Elisabeth or Elsbeth Stagel (c. 1300 – c. 1360) was a Dominican nun and prioress of the Töss Convent.

== Biography ==

Stagel was born into a noble family of Zurich, the daughter of a councilor.

She developed a deep friendship with Henry Suso, and the two remained in active correspondence. Suso considered Stagel his spiritual daughter. During their meetings, Stagel asked Suso to help her understand the pathway to God by sharing with her his own experiences. However, Suso did not know that the well-educated nun was keeping the letters he sent her and recording all that Suso told her, concerning both theological matters and his extreme practices of personal penance. When Suso learned of Stagel's undertaking, he requested the texts and proceeded to burn them, saving only the second installment of manuscripts for the sake of educating other religious. Suso forbade Stagel to imitate him by engaging in extreme asceticism, fearing for her health.

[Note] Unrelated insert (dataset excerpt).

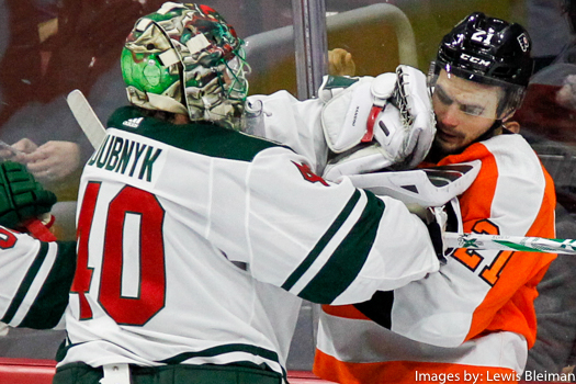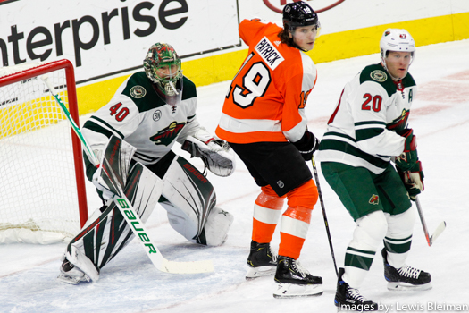 Goalie Devan Dubnyk (#40) of the Minnesota Wild, Center Nolan Patrick (#19) of the Philadelphia Flyers, Defenseman Ryan Suter (#20) of the Minnesota Wild
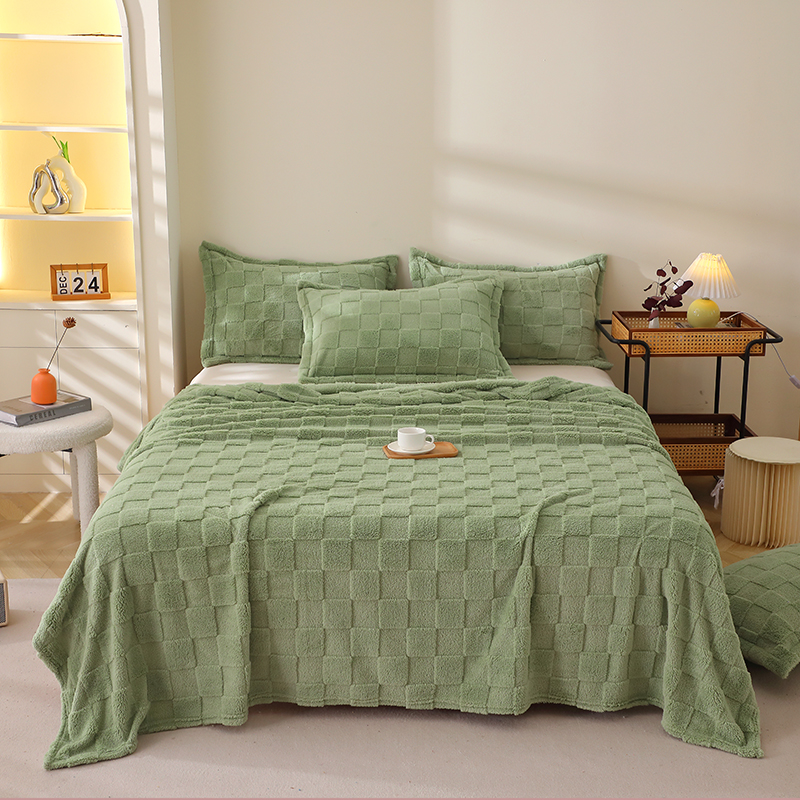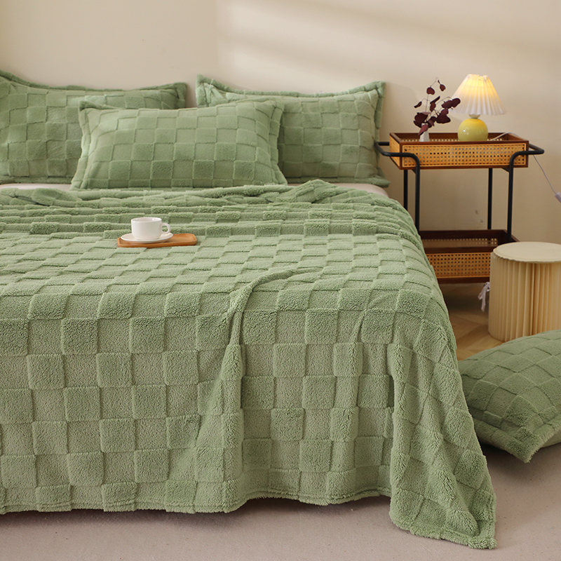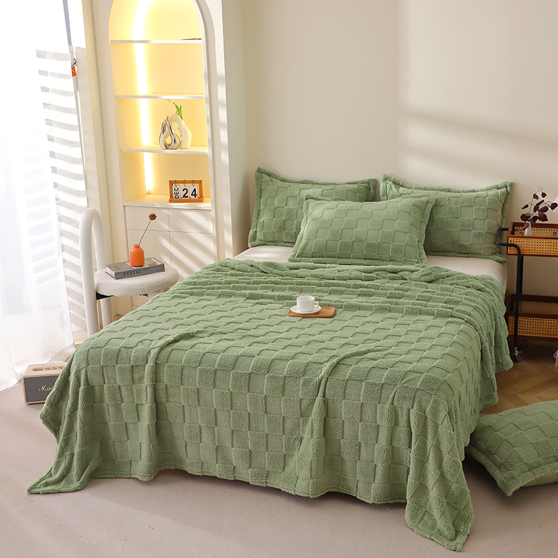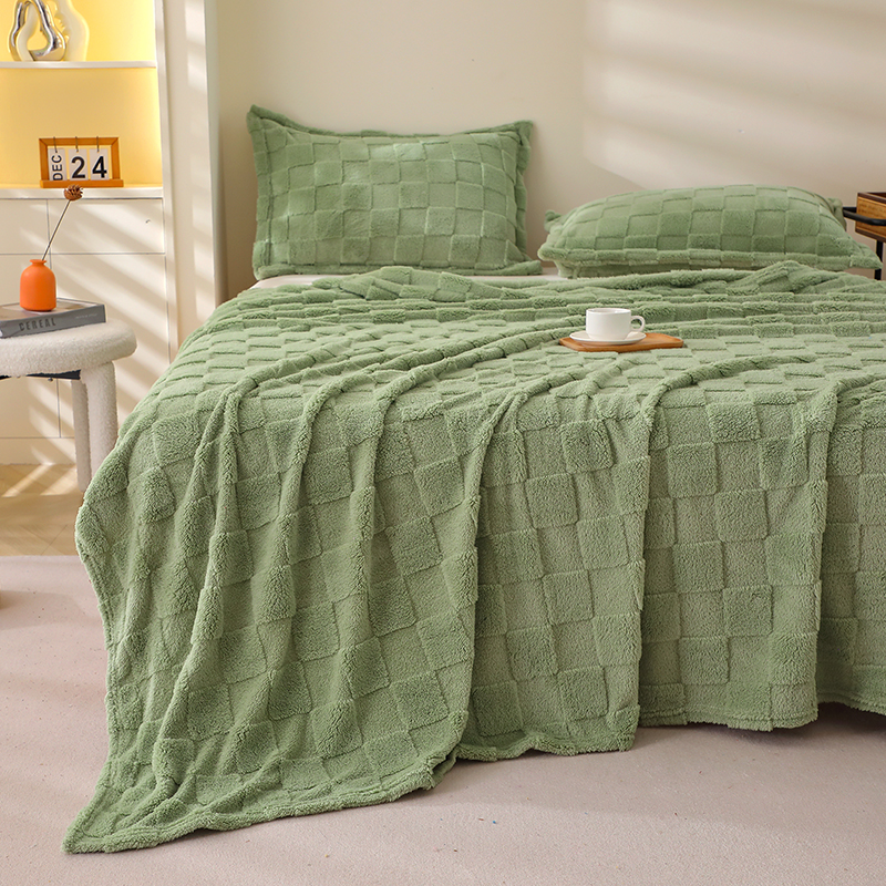 商品名称:芸锦豪 2024新款意大利面包格毛毯-卷边款 抹茶绿

The historicity of Stagel as the author of the Lives of the Nuns of Töss, a work containing biographies of 39 nuns and providing a comprehensive picture of mysticism in the Töss Convent, is subject to debate. Blessed Elizabeth of Hungary may have been one of the nuns whose life Stagel described but this allegation has been particularly disputed because the book portrays Blessed Elizabeth's stepmother, Agnes of Austria, dowager queen of Hungary, very negatively; it is highly unlikely that such a biography was written before the death of Queen Agnes who outlived Stagel, dying in 1364.

Stagel died in Töss. Stagel's work is integral to understanding mysticism and monastic life in medieval Germany.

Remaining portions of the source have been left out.